In this paper, five components of large heterogeneous systems for wireless multimedia are examined. Section 2 gives a brief description of some recent configurable architectures.
Section 3 presents a discussion on dynamic parameterization and the methodology of selecting a parameter to be reconfigurable. A motion estimation architecture is described in detail, illustrating our parameterized architectural approach in section 4. For motion estimation, a test architecture is presented along with a complete parameter analysis. Based on this analysis, a simple adaptation controller has been developed and tested achieving 40% power savings with roughly 2% quality degradation. In Section 5, the results of multiple parameter analyses are shown to illustrate the applicability of dynamic parameterization across a family of multimedia applications.
Configurable Architectures
Recently, it has been recognized that heterogeneous, domain-specific reconfigurable architectures achieve higher performance with lower energy consumption then FPGA's for DSP operations [1] . Zhang [2] proposed a similar domain specific approach and demonstrated it with functional silicon.

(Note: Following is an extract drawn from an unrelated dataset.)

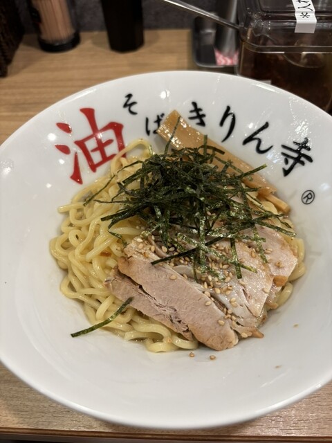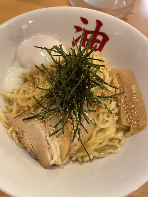 入口の券売機で食券を購入するシステム。キムチやら温泉卵やら色々とバリエーション有りましたが初見のお店でもありますのでここはベーシックな油そばをチョイス。店員さんに券を渡すとカウンター席へ案内頂きました。なんば、日本橋も近く、またゴールデンウィークの最中と言うこと...
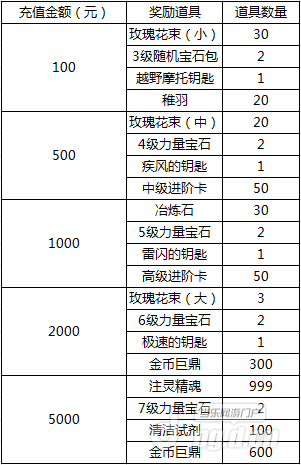 活动内容:活动期间内,累计充值达到指定额度可获得对应奖励

This system [2] focuses on reconfiguration for task and standards specialization using domain-specific processors. These processors feature varying degrees of configuration granularity and are connected by a reconfigurable mesh interconnect network. It realizes low-energy operation through the use of a combination of architectural and circuit-level optimizations. Kuhn [3] Our work develops component subsystems for an adaptive system founded on a reconfigurable interconnect. This adaptive System on a Chip (aSoC) architecture [4] allows diverse computing modules to be implemented in a tiled structure as shown in figure 1.
A statically scheduled interconnect fabric is used to connect the cores. These cores can consist of general-purpose systems such as RISCs, DSPs, RAMs and FPGAs, as well as application specific blocks like the ones discussed in this paper. In [5] , aSoC is shown to support configurable cores with minimal power and throughput overhead.

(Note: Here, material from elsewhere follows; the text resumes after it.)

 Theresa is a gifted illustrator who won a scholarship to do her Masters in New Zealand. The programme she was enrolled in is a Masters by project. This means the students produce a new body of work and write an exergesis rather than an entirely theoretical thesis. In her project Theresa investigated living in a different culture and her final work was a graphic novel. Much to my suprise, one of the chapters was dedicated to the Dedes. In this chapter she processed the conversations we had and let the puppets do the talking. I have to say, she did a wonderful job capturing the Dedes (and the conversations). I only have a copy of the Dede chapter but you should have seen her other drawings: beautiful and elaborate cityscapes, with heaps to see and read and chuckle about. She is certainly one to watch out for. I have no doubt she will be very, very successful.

Our current work focuses on the application-specific cores needed to achieve high performance levels for computations such as motion estimation (ME), discrete cosine transform (DCT) and Viterbi decoding. A rich set of efficient algorithms and architectures already exist for these signal processing problems [3, 6] . When implemented, these architectures usually trade flexibility for performance and efficiency. Recently the use of ASIC "point" systems to make a power aware composite system is discussed in [7] . In operation, a single point systems is activated based on the system environment. The goal is to organize the composite system such that it operates nearly as efficiently as the optimal point system in a given environment. This work applies similar concepts in developing special purpose tiles, which can be dynamically reconfigured to consume the lowest possible power for a given set of environment variables. In most cases this can be accomplished with little impact on performance. Our focuses here is evaluating the design space to find parameters for adaptation as well as the environment triggers, which will control the reconfiguration.
Dynamically Parameterized Algorithms and Architectures
Computational parameters provide a simple and formal way to characterize incremental changes in algorithms and their implementations. As such, these parameters can be classified as either functional or architectural. Functional parameters vary the output of a computation, and typically result in trading output accuracy for speed or power. Architectural parameters keep the output constant allowing tradeoffs between area, performance, power and reliability. Although these parameters can be bound at varying stages of the system's design cycle shown in figure 2, it is our goal to find and vary selected parameters automatically at runtime. The controller represents additional overhead for a dynamically-parameterized system.
As such, excessive controller calculations can outweigh the benefit of system adaptation.
The controller should be simple and react to the most beneficial system statistics. The key to simplicity is limiting the number and complexity of its inputs, since the controller controller must evaluate these statistics to set the parameters and exploit these tradeoffs.
So, minimizing the overhead of this controller requires a thorough understanding of system input and output statistics as well as the user requirements.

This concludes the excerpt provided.